In Silinshy, therefore, it was manifest that the tort-feasor’s carrier might be entitled .to subrogation if it could make a showing that it stood in the shoes of its insured tort-feasor. At bar, absolutely no evidentiary showing of either suretyship or subrogation was made in the name of the defendant Grynbal’s carrier; and, in fact, the defendant Grynbal’s motion to amend his answer so as to plead the offset here involved was postulated on the proposition that he (and not his carrier) was entitled to receive credit for this medical payment. The contention, therefore, that Silinshy applies at bar is without persuasive force.

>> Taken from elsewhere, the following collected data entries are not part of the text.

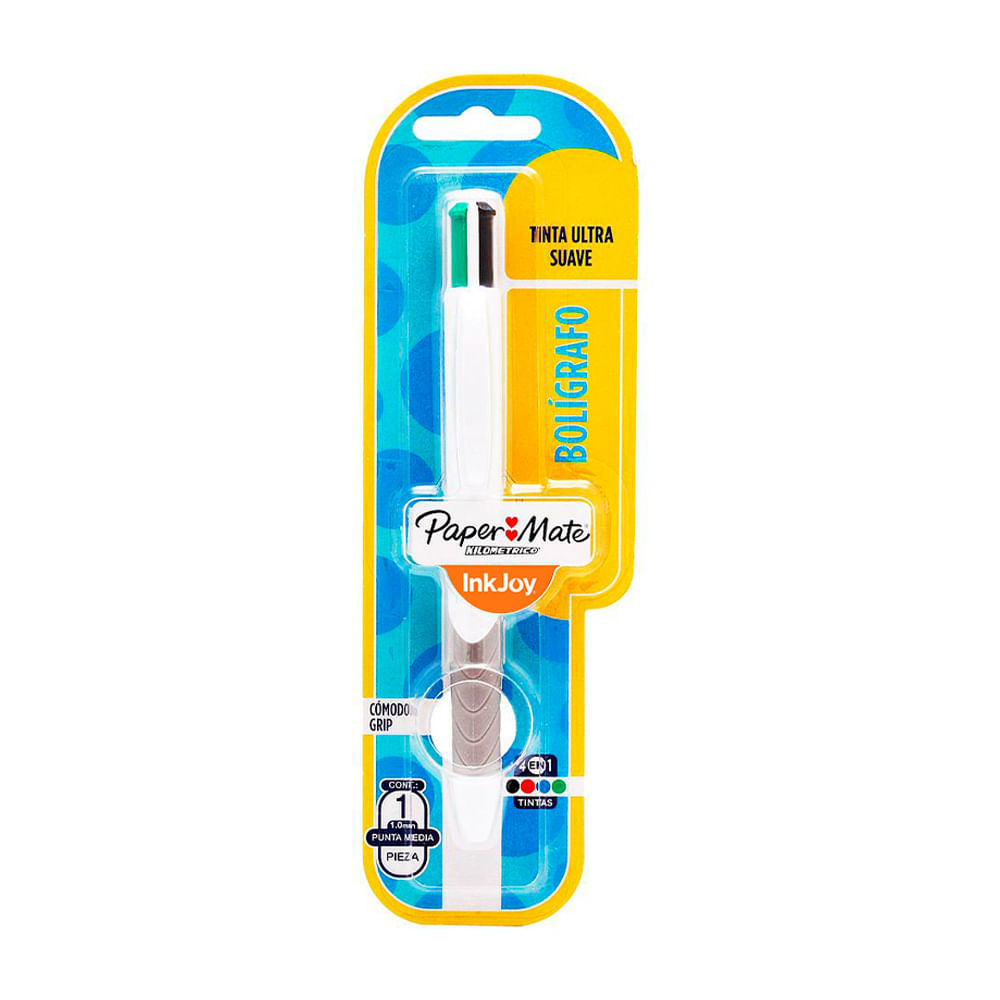 El Bolígrafo Paper Mate InkJoy Quatro es cómodo y versátil. Con cuatro colores Básicos en un solo cuerpo, no tendrás que buscar otro bolígrafo para escribir en diferentes colores. Diseñado para una escritura suave y sin esfuerzo, gracias a su punta de bola y tinta ligera.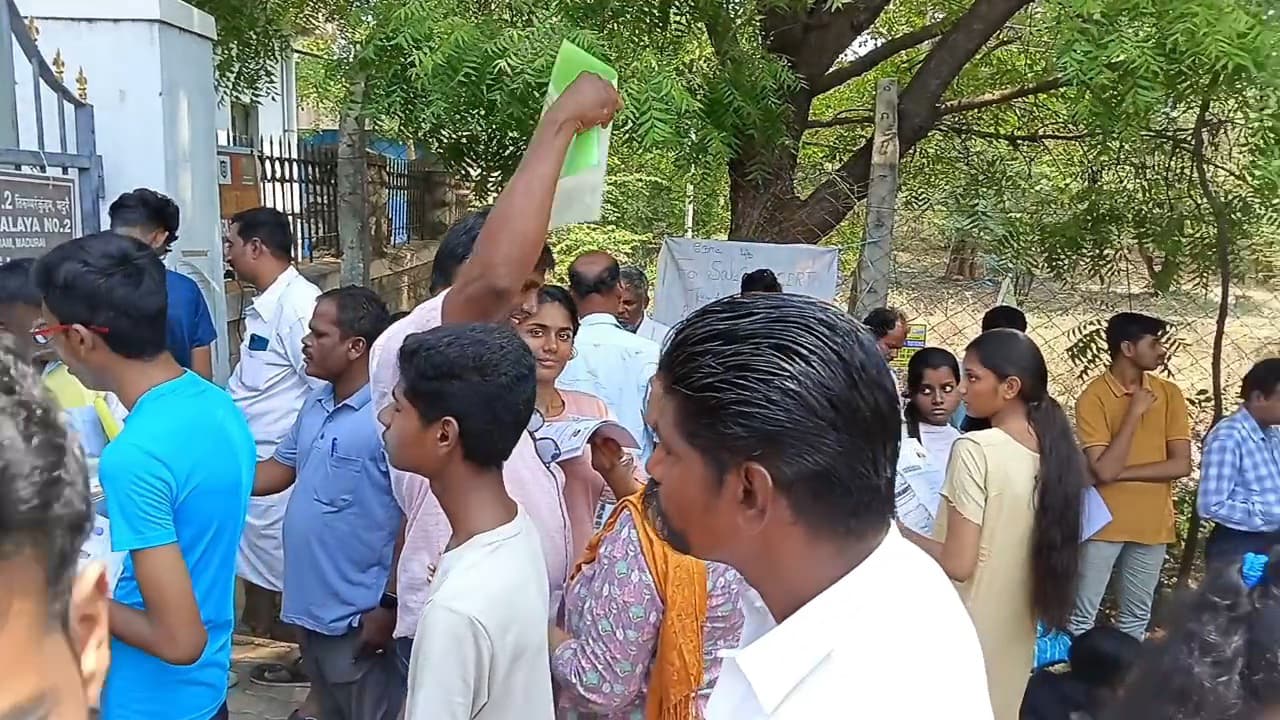 கல்லூரி வளாகத்தில் உள்ளே மாணவர்களை அனுமதிக்ககோரி தேர்வு எழுத வந்த மாணவர்களின் பெற்றோர்கள் அதிகாரிகளுடன் வாக்குவாத்தில் ஈடுபட்டனர்.இதனால் அப்பகுதியில் சலசலப்பு ஏற்பட்டது.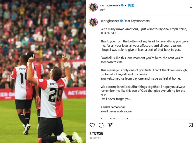 “一如既往,你永遠(yuǎn)不會獨行。再見費耶諾德,我會把你們永遠(yuǎn)珍藏在心。愛你們的,圣地亞哥。”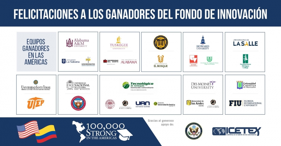 El Fondo de Innovación 100k es organizado por la Embajada de los Estados Unidos en Colombia, la Oficina de Asuntos del Hemisferio Occidental del Departamento de Estado en Estados Unidos y Partners of the Americas; con apoyo del ICETEX.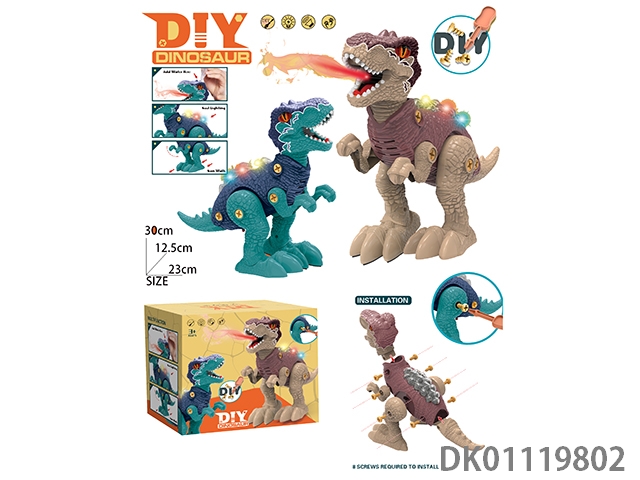 Diy disassembly and assembly electric spray tyrannosaurus rex (diy disassembly and assembly play, simulation walking, simulation dinosaur calling, spray function, equipped with 1 spray water bottle, 1 set of diy screw tools)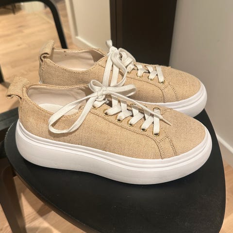 Zara sneakers joggesko i størrelse 40. Skoene har et mønstret design i beige toner og hvite lisser. Egnet for daglig bruk.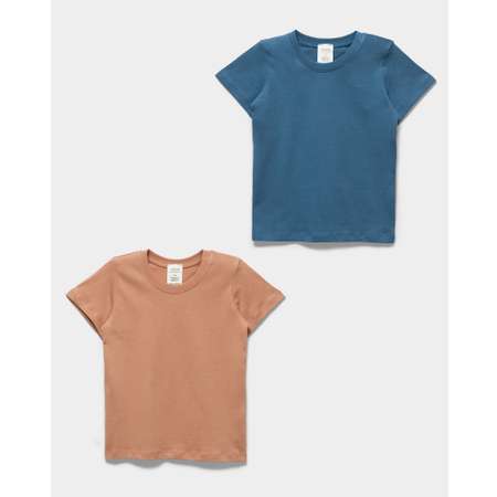 В комплекте Baby Gо две однотонные футболки для мальчика - бежевая и тёмно-голубая.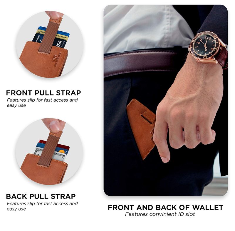 SERMAN BRANDS RFID Blocking Bifold Slim Genuine Leather Minimalist Front Pocket Wallets for Men - Pardo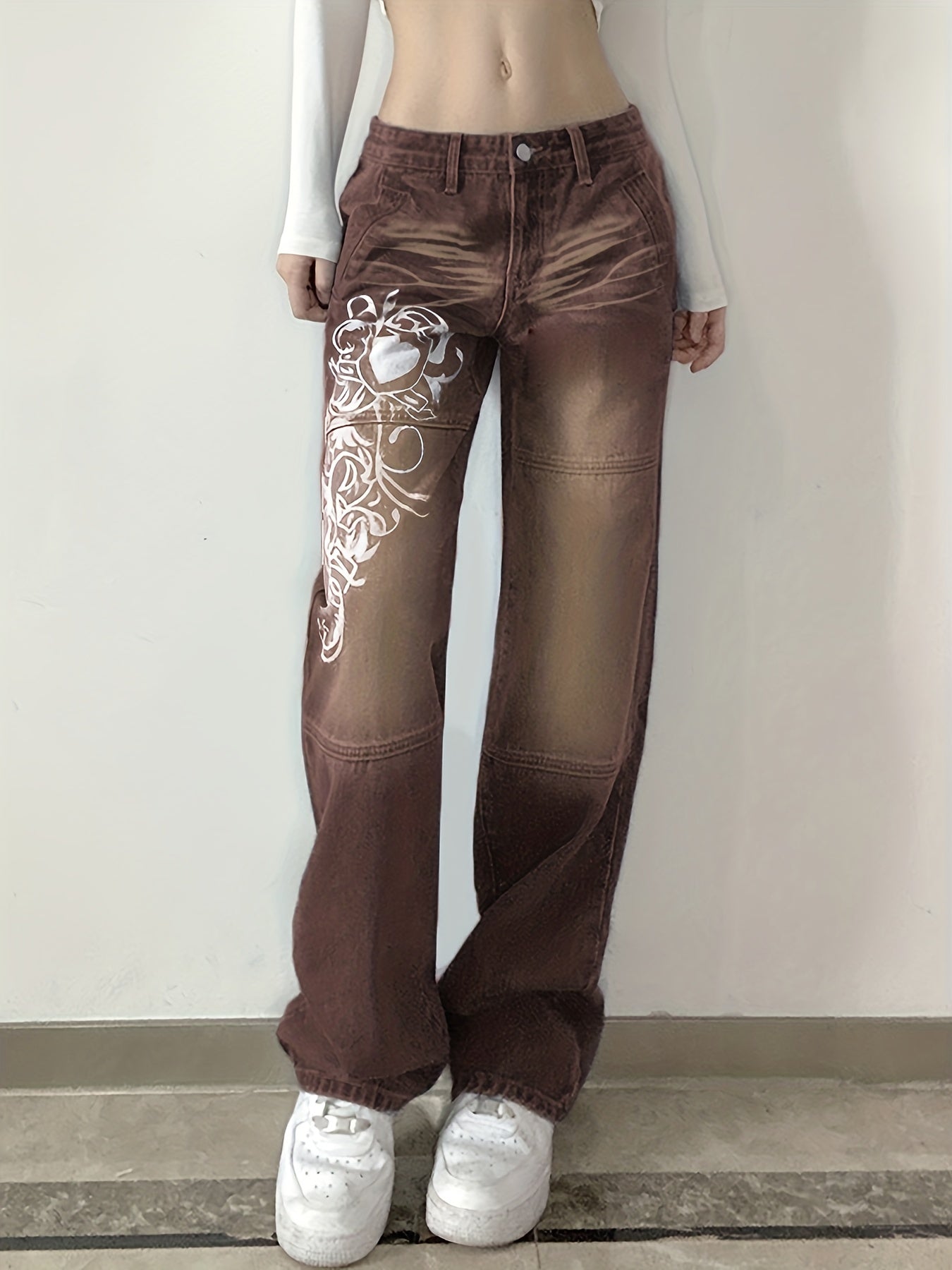 White Floral Print Thigh High Rise Loose Baggy Fit Straight Lets Plicated Hem Sectional Design High Waist Boyfriend Jeans, Women's Denim Jeans, Women's Clothing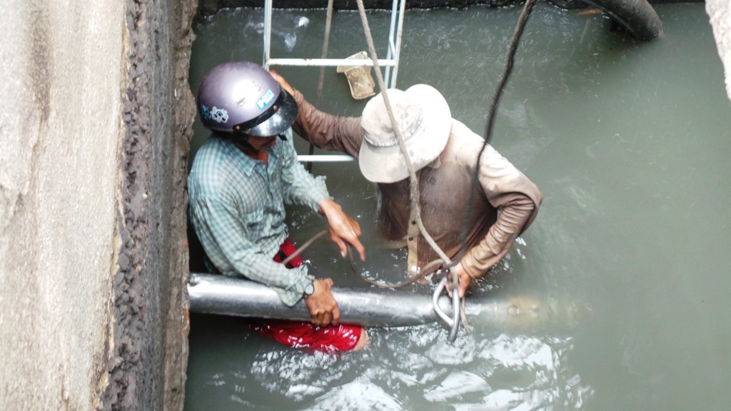Miệng cống được chặn lại, các nhân viên cứu hộ hút nước và bùn ra ngoài phục vụ công tác tìm kiếm. Theo một số nhân viên cứu hộ, bùn và rác trong cống rất dày.

While in the papers at bar it was alleged that the plaintiff was required ‘ ‘ to and did execute an assignment ’ ’, no particulars thereof or a copy of any instrument of assignment to Grynbal’s or any other person’s carrier appear as part of the record. For that reason, it seems to us that no conclusion that the plaintiff has alienated her right of recovery for the medical payments by assignment is presently possible, at the current pleading stage of this action. The claim that a plaintiff *432who receives medical expense reimbursement under a defendant motorist’s insurance policy may be considered a third-party beneficiary of such contract has apparently been rejected (Moore v. Leggette, 18 N Y 2d 864, 865, 866). As a consequence of the lack of substantiation of subrogation, assignment, or third-party beneficiary status, no claim on any portion of the plaintiff’s recovery appears to be part of this case.

Under all of the circumstances discussed, the order dated September 10,1968 should be reversed, on the law and the facts, with $10 costs and disbursements, and the plaintiff’s motion to vacate the order dated July 18, 1968 and for other relief denied, with $10 costs.